Divertissement d’origine québécoise, câlisse. Les aventures scientifico-fantastiques d’une punkette à Montréal. Pour ados.

 

Spider-man, les illusions perdues
David Hine & Fabrice Sapolsky & Carmine di Giandomenico – Panini

Dans la série “les auteurs s’amusent avec la franchise Marvel”. Ici, on transpose les personnages dans l’Amérique ravagée par la crise de 29. Entre Angela Davis et Louise Michel, tante May devient une pasionaria haranguant les foules, les méchants s’échappent d’un cirque qui doit ressembler à  celui des Freaks de Tod Browning, Peter Parker se trimballe dans un costume très vintage : trench coat, cagoule et lunettes d’aviateur. Plaisant.

 

Flood !
Eric Drooker – Tanibis

Ce récit sombre et fort, sans texte ou presque, renvoie aux gravures rebelles de Otto Nückel et Giacomo Patri réalisées à l’époque de la grande dépression. Ici, la carte à  gratter remplace le lino que ces auteurs utilisaient comme support, mais l’intention est similaire. Drooker décrit un monde qui se noie, le nôtre. Un ouvrier devenu chômeur dérive dans les entrailles de la ville à la recherche d’une épaule. À quoi bon ? Le déluge finira par tout emporter, l’armée et la police, les immeubles et les usines, toute l’humanité corrompue. Une arche flotte entre deux toits et Noé, ex-vendeur de parapluies, recueille le chat du personnage principal tandis que celui-ci se fait bouffer par les requins. On n’est pas obligé de lire uniquement des trucs gais, non plus.

 

Simon Dark
Steve Niles & Scott Hampton – Panini

Pour nos amis les goths : un super gentil recousu de partout.
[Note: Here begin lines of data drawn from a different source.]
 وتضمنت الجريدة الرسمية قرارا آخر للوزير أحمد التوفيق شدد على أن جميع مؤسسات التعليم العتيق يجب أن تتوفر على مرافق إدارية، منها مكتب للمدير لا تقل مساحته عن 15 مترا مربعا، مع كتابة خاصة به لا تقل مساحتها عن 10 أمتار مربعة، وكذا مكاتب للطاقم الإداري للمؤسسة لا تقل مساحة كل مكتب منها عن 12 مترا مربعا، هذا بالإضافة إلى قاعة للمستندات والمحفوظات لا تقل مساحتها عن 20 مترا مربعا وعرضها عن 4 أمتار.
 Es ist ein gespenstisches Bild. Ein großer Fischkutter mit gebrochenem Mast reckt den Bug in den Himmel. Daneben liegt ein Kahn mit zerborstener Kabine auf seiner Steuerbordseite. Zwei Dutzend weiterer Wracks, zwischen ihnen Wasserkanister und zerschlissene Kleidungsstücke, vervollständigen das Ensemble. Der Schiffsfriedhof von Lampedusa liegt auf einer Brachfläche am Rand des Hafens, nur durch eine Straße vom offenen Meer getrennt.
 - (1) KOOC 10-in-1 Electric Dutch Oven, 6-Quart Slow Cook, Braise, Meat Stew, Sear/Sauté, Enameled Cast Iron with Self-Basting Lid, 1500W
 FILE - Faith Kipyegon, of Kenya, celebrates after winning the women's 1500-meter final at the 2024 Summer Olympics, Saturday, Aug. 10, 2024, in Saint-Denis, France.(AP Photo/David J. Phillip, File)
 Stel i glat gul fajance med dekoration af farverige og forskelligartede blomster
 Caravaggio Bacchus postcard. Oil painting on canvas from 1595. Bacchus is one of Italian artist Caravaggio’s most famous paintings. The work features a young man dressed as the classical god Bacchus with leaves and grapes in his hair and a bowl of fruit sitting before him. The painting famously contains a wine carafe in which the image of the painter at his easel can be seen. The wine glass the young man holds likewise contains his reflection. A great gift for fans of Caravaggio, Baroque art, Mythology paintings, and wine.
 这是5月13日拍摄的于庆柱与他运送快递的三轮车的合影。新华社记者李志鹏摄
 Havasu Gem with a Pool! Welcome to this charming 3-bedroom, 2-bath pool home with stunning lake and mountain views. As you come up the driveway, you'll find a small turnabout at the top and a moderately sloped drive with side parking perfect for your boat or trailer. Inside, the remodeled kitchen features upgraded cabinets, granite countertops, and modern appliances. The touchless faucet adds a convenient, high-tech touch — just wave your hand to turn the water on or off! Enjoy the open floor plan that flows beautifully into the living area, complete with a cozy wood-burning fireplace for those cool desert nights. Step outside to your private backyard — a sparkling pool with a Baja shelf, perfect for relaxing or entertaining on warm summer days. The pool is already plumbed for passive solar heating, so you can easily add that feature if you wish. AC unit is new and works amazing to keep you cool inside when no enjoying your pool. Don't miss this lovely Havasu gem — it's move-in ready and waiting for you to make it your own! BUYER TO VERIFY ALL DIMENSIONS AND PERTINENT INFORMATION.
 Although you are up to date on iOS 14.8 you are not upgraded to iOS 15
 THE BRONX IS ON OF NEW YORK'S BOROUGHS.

L’intrigue se passe à Gotham, la ville du Batman ici absent. Sciences occultes, décapitations, meurtres en série, folie sectaire, jeunes filles à protéger, bref, la routine.

 

George Sprott
Seth – Delcourt

Seth continue d’explorer un chemin emprunté à l’occasion de son précédent livre, Wimbledon Green. Le lecteur est invité à reconstituer la biographie imaginaire d’une fausse vieille gloire de la télé locale, George Sprott, grâce aux témoignages parcellaires de personnages ayant croisé sa route. Plus profond et moins drôle que Wimbledon Green, George Sprott s’intéresse surtout à la mort, aux regrets, au temps perdu qu’on ne retrouve plus. Il ne faudrait pas réduire ce magnifique ouvrage (dimensions hors normes) à un objet de bibliophile.

 

Eco T1, la malédiction des Shackelbott
Guillaume Bianco & Jérémy Almanza – Soleil (Métamorphose)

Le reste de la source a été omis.